Faculty union rallies as compensation negotiations remain stalled

Protestors+leave+a+faculty+union+protest+at+Posvar+Hall+Tuesday+morning.

Nate Yonamine | Senior Staff Photographer

Protestors leave a faculty union protest at Posvar Hall Tuesday morning.

By Jack Troy, Senior Staff Writer

Pitt’s faculty union held their fourth and likely final demonstration of the academic year on Tuesday morning, gathering at Posvar Hall to push the pace of compensation negotiations for the union’s first contract. 

Around 100 faculty members, alongside a handful of graduate student union organizers and undergraduates, congregated outside of the building before heading inside to occupy the room adjacent to where a bargaining session was set to begin. 

Pitt police locked the doors to the building moments after union supporters filed inside. Around half a dozen police officers were stationed on the first and second floors of Posvar Hall during this time. 

After about 15 minutes, faculty members who aren’t part of the bargaining team exited the room while singing “Solidarity Forever,” a frequently used labor anthem at these demonstrations. 

Once back outside, Lech Harris, an adjunct English professor and bargaining committee member, spoke to the crowd about his experience coming to Pitt from Rutgers, which has one of the nation’s oldest higher education unions, and his shock at the low pay rate for part-timers. 

“I literally emailed the curriculum coordinator right back and said ‘I’m so sorry, I think there might have been a mistake,’” Harris said. 

Pitt offers adjunct professors with doctoral degrees, such as Harris, roughly $3,000 per course, while those without doctoral degrees receive a lower rate. 

Harris added that lackluster compensation has forced many of his colleagues to leave the University and take jobs outside of higher education 

“One thing you find when you talk to a lot of Pitt adjuncts, is that many of them are not Pitt adjuncts anymore,” Harris said. “They have left.”

The union first proposed a compensation structure in November with a $60,000 salary floor and yearly “experience increases” of $5,000 for full-time faculty.

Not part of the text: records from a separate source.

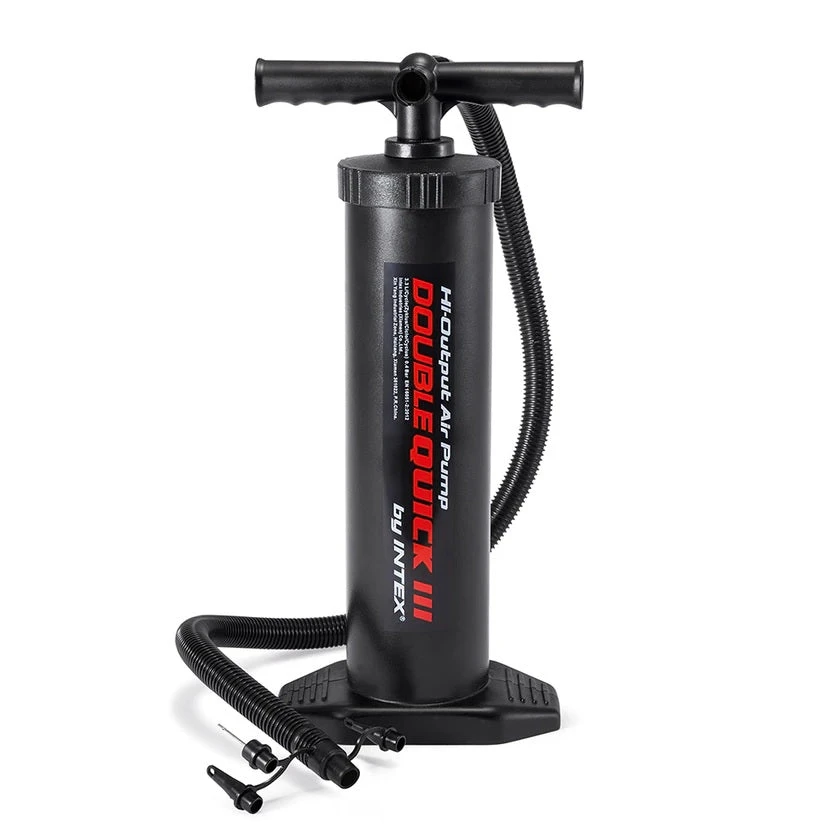 Don’t have an electrical outlet? Don’t worry! The Intex Hi-Output Manual Hand Pump can get the job done. This pump inflates as well as deflates and pumps air on both up and down strokes. Includes accordion hose with 3 nozzles and a needle to fit small, medium and large air valves.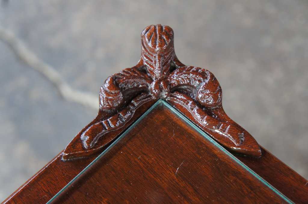 Antique french or baroque revival side table with glass top. Made from mahogany with intricate fleur-de-lis carvings along the legs and top. Features trophy and diamond designs along the apron and acanthus scrolled feet.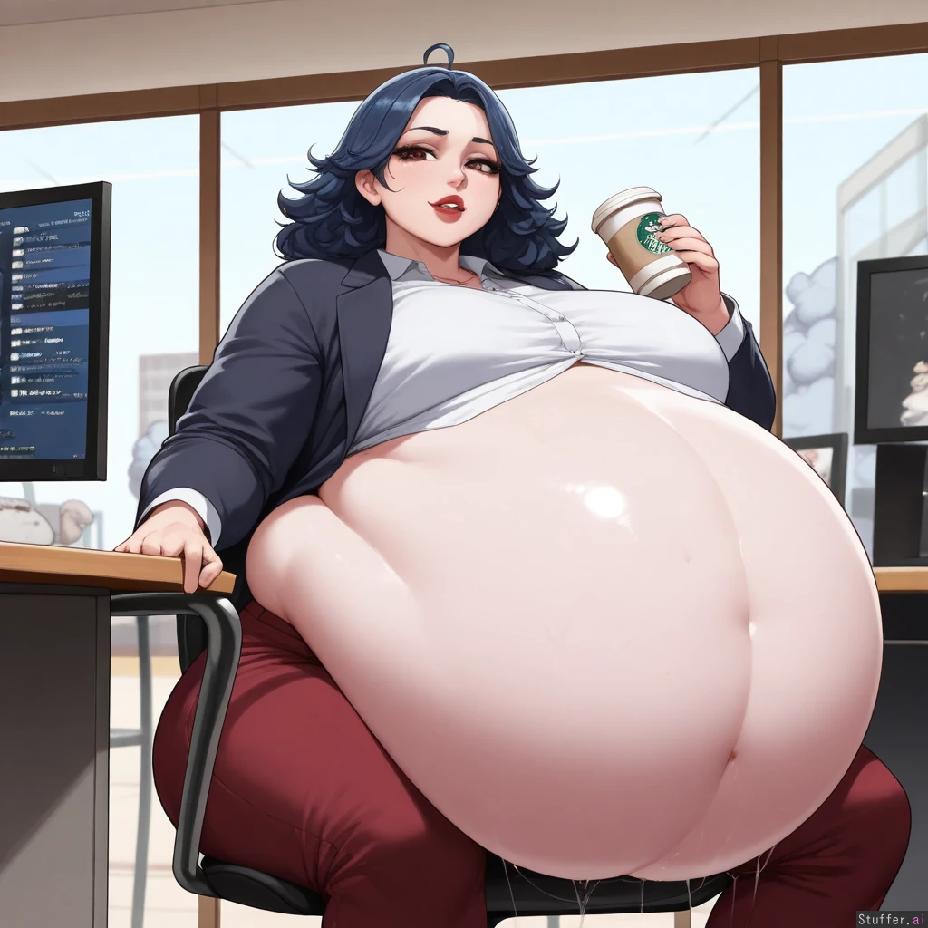 Super high quality, nyantcha(artist), alone, Artist style: ( nyantcha:), ( krekkov), (kittew), solo, soft lighting , facing viewer, Obese, goth woman , ((long messy dark blue hair)) ((thick black eyeliner)) ((highly detailed Amber eyes)) (long defined lashes, softly arched eyebrows, straight refined nose, full lips, bold dark red lipstick, composed confident expression, slightly parted lips, elegant neck relaxed shoulders, plump face, detailed eyes, wide hips, large fat butt, wide thighs, fat arms, very heavy inflated belly (flabby belly hanging: 2.0). (Large Belly size:2.0)( fat doughy flabby double belly:1.8) ((gigantic bloated large fat sagging belly) ((belly resting on thighs:1.5)) ((legs spread by her gut)) formal office attire, dark-colored flared pants, white button up , long sleeve blouse , opened blazer, modest clothing, fully clothed, fancy corner office, detailed background, Sitting stiffly in a chair and working at a tidy desk, monitor, beautiful view out of her window, drinking a starbucks coffee, overweight build , (breasts:1.2)

Part-timers would benefit from these changes proportional to their workload, and all faculty members would see annual cost-of-living adjustments. 

Pitt has yet to offer a counterproposal on compensation, but has posted their other proposals online on contract renewals, faculty evaluations and academic freedom. University spokesperson Jared Stonesifer declined to say when administration plans to offer their counterproposal for pay. 

“There are some proposals that have been submitted by the union that the University has not immediately responded to due to the need to gather additional information and present the union an informed response,” Stonesifer said. “Collective bargaining is a back-and-forth process and that requires give and take on both sides.”

According to a Bloomberg Law analysis, it takes an average of 466 days for a newly formed education union to reach a collective bargaining agreement with their employer. 

As of Tuesday, it’s been 537 days since the Pennsylvania Labor Relations Board certified the union, with no clear end to negotiations in sight.

According to Harris, Pitt’s bargaining team is composed of internal and external lawyers as well as representatives from the Office of the Provost. Law firm Ogletree, Deakins, Nash, Smoak & Stewart serves as the University’s legal counsel for contract negotiations. 

The union and administration met on April 4 and Monday in addition to Tuesday. Two to three bargaining sessions per month has been typical for the spring semester. 

Pete Bell, a member of the union’s communications and action team, said demonstrations appear to have an impact on the productivity of these sessions.

“Everytime we do one of these, there is progress,” Bell said. “It seems like the administration needs more reminders that this is something that’s very important to a lot of faculty.”

Emma Gray, a senior environmental science major, joined in solidarity with the faculty union. The United Steelworkers invited student supporters to the protest, and has circulated an online form for students who wish to receive updates on bargaining and upcoming actions. 

“[My professors] don’t have any childcare, they get underpaid, overworked and it affects our learning conditions,” Gray said. “I think Pitt is failing and they deserve better.”

Several graduate student union organizers attended as well, including Elliot Davis, who said the struggles of faculty and graduate workers are one in the same. 

The graduate student union drive has gained momentum amid a recent flurry of landslide union wins at other universities, and Davis said organizers hope to initiate a card campaign sometime this year. Davis added that he senses the University is sending a message to graduate student and staff union organizers by prolonging negotiations with the faculty union. 

“I feel like Pitt is doing everything they can to slow the brakes on this so that they don’t have to deal with the staff union and the grad union and so that they can send the message that they still have the power,” Davis said.